In the modelling of subsurface fluid flow, faults are dominant features since they can act as fluid pathways, baffles or barriers. Special emphasis is therefore placed in representing them in a numerically efficient manner and the use of lower dimensional domains has become prevalent to simulate higher permeability features like fractures. Such features, however, only represent some of the components of natural fault networks, which can also include rather impermeable fault gouges surrounded by higher permeability damage zones for instance.
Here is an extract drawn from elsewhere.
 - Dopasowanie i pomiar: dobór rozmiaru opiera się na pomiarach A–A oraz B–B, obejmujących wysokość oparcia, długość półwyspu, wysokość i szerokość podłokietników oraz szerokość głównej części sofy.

Here we present a numerical approach to simulate such systems at a large scale, where the thickness of those features makes it advantageous to represent them as discrete rather than continuous domains, using lower dimensional interfaces in a conforming mesh. Benchmarks show excellent agreement with equivalent continuous simulations, regardless of the fault thickness or permeability, both for flow conduits and baffles. This approach can also account for the overprinting of faults with different permeabilities, as well as their dynamic evolution, which we illustrate with an example of trap charging. This work demonstrates the applicability of the approach to simulate fluid flow in faulted environments of various permeabilities and we discuss how those results can easily be extended to account for multi-physical processes.
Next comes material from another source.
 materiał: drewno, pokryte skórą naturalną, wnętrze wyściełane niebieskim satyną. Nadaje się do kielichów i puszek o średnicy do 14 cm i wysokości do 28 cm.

在地下流体流动的建模中，断层是主要特征，因为断层可以充当流体路径，挡板或屏障。因此，特别强调以数值有效的方式表示它们，并且使用低维域来模拟诸如裂缝的较高渗透率特征已变得普遍。但是，这些特征仅代表自然断层网络的某些组成部分，其中也可能包括相当不可渗透的断层泥，例如被较高的渗透性破坏区所包围。在这里，我们提出了一种数值方法来大规模模拟此类系统，其中这些特征的厚度使得使用一致的网格中的低维界面将它们表示为离散域而不是连续域是有利的。无论断层厚度或渗透率如何，无论是流体导管还是折流板，基准测试都可以与等效的连续模拟很好地吻合。这种方法还可以解决具有不同渗透率的断层的叠印以及它们的动态演化，我们以陷阱充填为例进行说明。这项工作证明了该方法在不同渗透率的断层环境中模拟流体流动的适用性，并且我们讨论了如何轻松地将这些结果扩展为多物理过程的原因。我们以陷阱充电为例进行说明。这项工作证明了该方法在不同渗透率的断层环境中模拟流体流动的适用性，并且我们讨论了如何轻松地将这些结果扩展为多物理过程的原因。我们以陷阱充电为例进行说明。这项工作证明了该方法在不同渗透率的断层环境中模拟流体流动的适用性，并且我们讨论了如何轻松地将这些结果扩展为多物理过程的原因。